*DATASET SECTION*

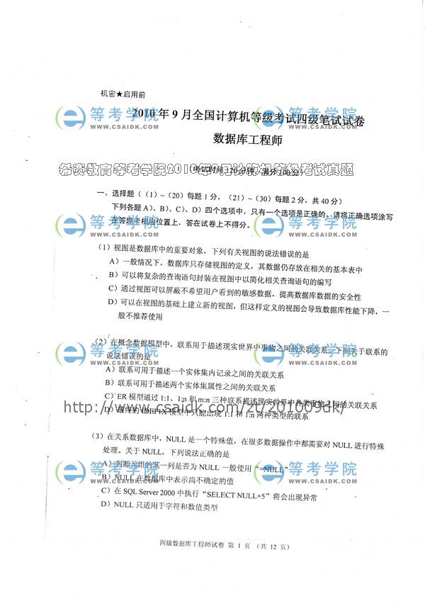 2010年9月计算机等级考试四级笔试试卷_数据库工程师
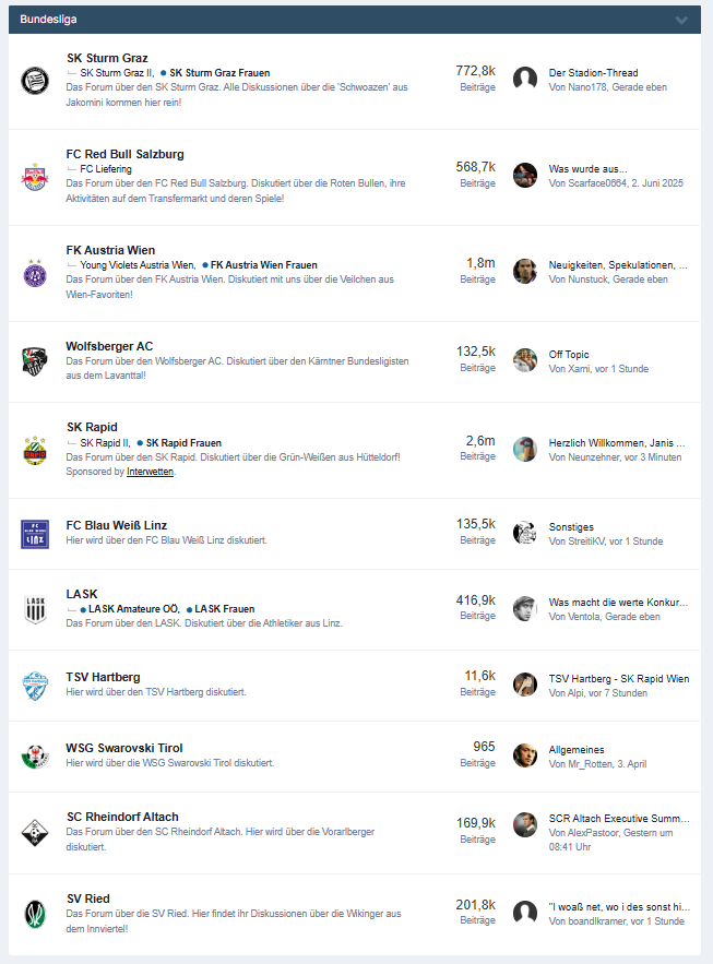 Bei der Bundesliga gibt's folgende Regelung um überhaupt einen Zulassungsantrag stellen zu können: SCHRIFTLICHE ERKLÄRUNG VOR DER ENTSCHEIDUNG DES ZULASSUNGSGEBERS Bevor die Entscheidung von der Ersten Instanz getroffen wird, hat der Zulassungsbewerber eine schriftliche Erklärung beim Zulassungsgeber vorzulegen, womit bestätigt wird, dass [..] d) in den zwölf Monaten vor der vom Zulassungsantrag umfassten Spielzeit kein Insolvenzverfahren über das Vermögen des Zulassungsbewerbers (oder seines ausgegliederten Profispielbetriebs gemäß Abschnitt 4.4.2) eröffnet wurde oder ein Insolvenzantrag mangels Masse abgewiesen wurde. Würde AK nächste Saison (26/27) in der RLM spielen, wäre eine Zulassung für 27/28 möglich, das das Insolvenzverfahren bereits länger als 12 Monate vorher eröffnet wurde. Allerdings ist das wohl irrelevant, da Austria Klagenfurt nächstes Jahr nicht in der RLM spielen wird, siehe AUF- UND ABSTIEGSBESTIMMUNGEN ZWISCHEN DER ZWEITHÖCHSTEN UND DRITTHÖCHSTEN LEISTUNGSSTUFE: § 1 Grundsätzliches (3) Ist über das Vermögen eines dieser Vereine oder dessen ausgegliederten Spielbetriebes zum Zeitpunkt des Meisterschaftsendes des Bewerbes, an welchem die betreffende Mannschaft teilnimmt (1. oder 2. Leistungsstufe), ein Insolvenzverfahren anhängig [...], steigt dieser Verein im nächsten Spieljahr nicht in die 3. Leistungsstufe ab, sondern ist vom zuständigen Landesverband in die 4. Leistungsstufe oder darunter einzuteilen. Auf die einschlägigen Bestimmungen der Bundesliga sowie § 4 dieser Bestimmungen wird verwiesen. Die Chance, das anhängige Insolvenzverfahren bis Meisterschaftsende (14.05.2026) beendet zu haben, liegen wohl bei 0%... Keine Ahnung ob das eurem Kasperlegger und dem Korruptijugo bekannt ist, die schwafeln ja schon wieder was von RLM...
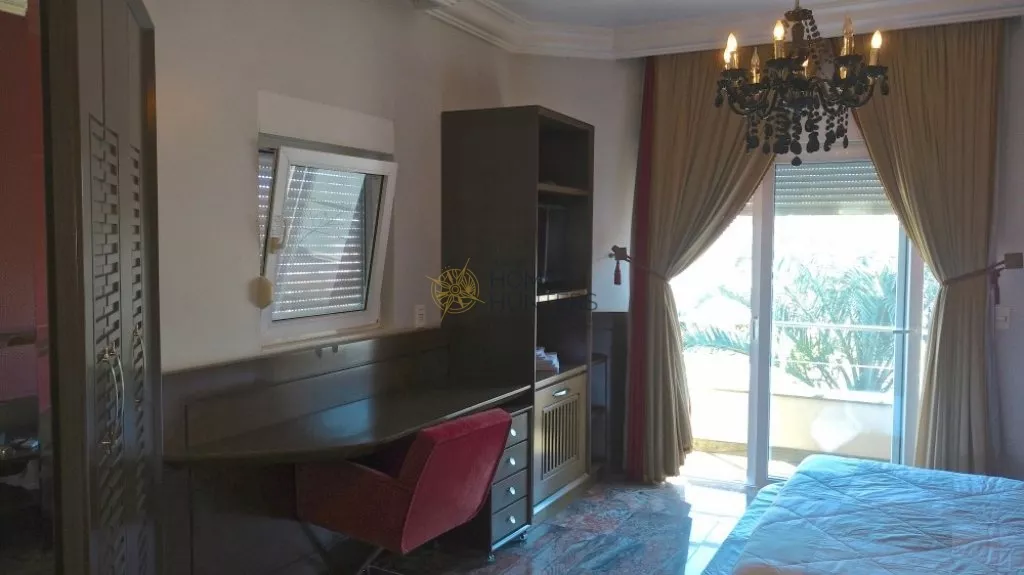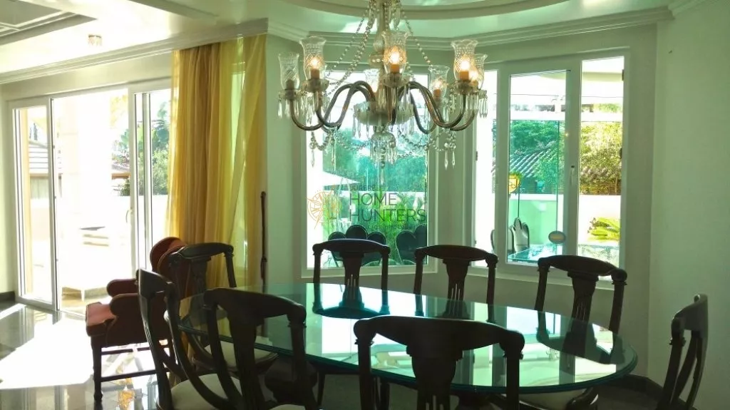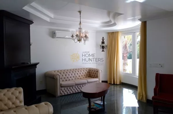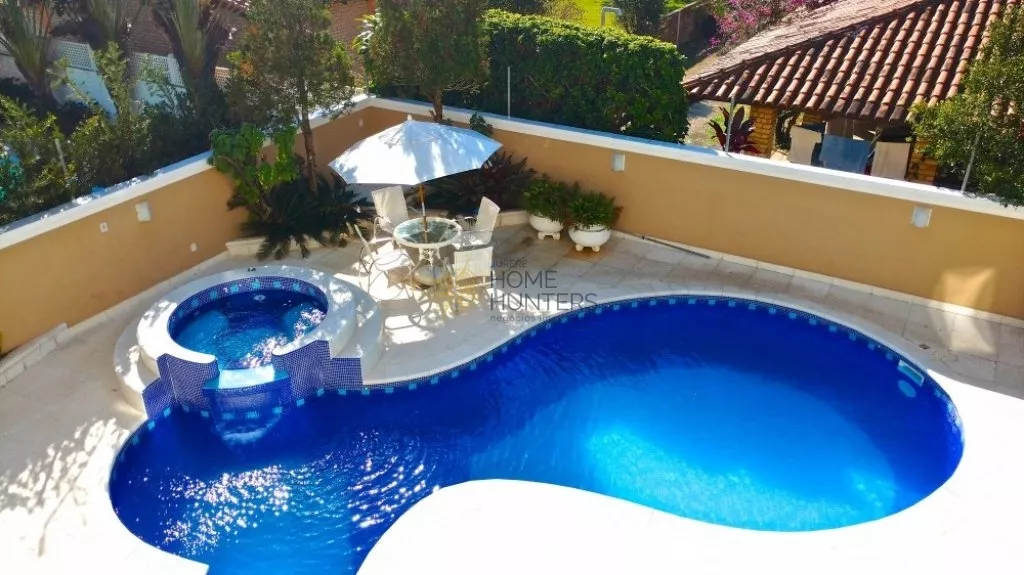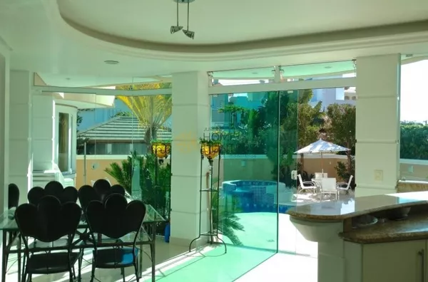 A casa possui 5 dormitórios, 5 suítes e mais uma dependência, acomoda 12 pessoas com muito conforto, 8 ar condicionado, todos os quartos com smart TV, 5 garagens, piscina, internet wifi, churrasqueira, closet, despensa, jardim, lareira, lavabo, living, sacada, sala de TV, sala de estar e de jantar.

*TASK INSTRUCTIONS*
Print the material word for word; images are to be left out.

*WRITTEN REPLY*
 2010年9月计算机等级考试四级笔试试卷_数据库工程师
 Bei der Bundesliga gibt's folgende Regelung um überhaupt einen Zulassungsantrag stellen zu können: SCHRIFTLICHE ERKLÄRUNG VOR DER ENTSCHEIDUNG DES ZULASSUNGSGEBERS Bevor die Entscheidung von der Ersten Instanz getroffen wird, hat der Zulassungsbewerber eine schriftliche Erklärung beim Zulassungsgeber vorzulegen, womit bestätigt wird, dass [..] d) in den zwölf Monaten vor der vom Zulassungsantrag umfassten Spielzeit kein Insolvenzverfahren über das Vermögen des Zulassungsbewerbers (oder seines ausgegliederten Profispielbetriebs gemäß Abschnitt 4.4.2) eröffnet wurde oder ein Insolvenzantrag mangels Masse abgewiesen wurde. Würde AK nächste Saison (26/27) in der RLM spielen, wäre eine Zulassung für 27/28 möglich, das das Insolvenzverfahren bereits länger als 12 Monate vorher eröffnet wurde. Allerdings ist das wohl irrelevant, da Austria Klagenfurt nächstes Jahr nicht in der RLM spielen wird, siehe AUF- UND ABSTIEGSBESTIMMUNGEN ZWISCHEN DER ZWEITHÖCHSTEN UND DRITTHÖCHSTEN LEISTUNGSSTUFE: § 1 Grundsätzliches (3) Ist über das Vermögen eines dieser Vereine oder dessen ausgegliederten Spielbetriebes zum Zeitpunkt des Meisterschaftsendes des Bewerbes, an welchem die betreffende Mannschaft teilnimmt (1. oder 2. Leistungsstufe), ein Insolvenzverfahren anhängig [...], steigt dieser Verein im nächsten Spieljahr nicht in die 3. Leistungsstufe ab, sondern ist vom zuständigen Landesverband in die 4. Leistungsstufe oder darunter einzuteilen. Auf die einschlägigen Bestimmungen der Bundesliga sowie § 4 dieser Bestimmungen wird verwiesen. Die Chance, das anhängige Insolvenzverfahren bis Meisterschaftsende (14.05.2026) beendet zu haben, liegen wohl bei 0%... Keine Ahnung ob das eurem Kasperlegger und dem Korruptijugo bekannt ist, die schwafeln ja schon wieder was von RLM...
 A casa possui 5 dormitórios, 5 suítes e mais uma dependência, acomoda 12 pessoas com muito conforto, 8 ar condicionado, todos os quartos com smart TV, 5 garagens, piscina, internet wifi, churrasqueira, closet, despensa, jardim, lareira, lavabo, living, sacada, sala de TV, sala de estar e de jantar.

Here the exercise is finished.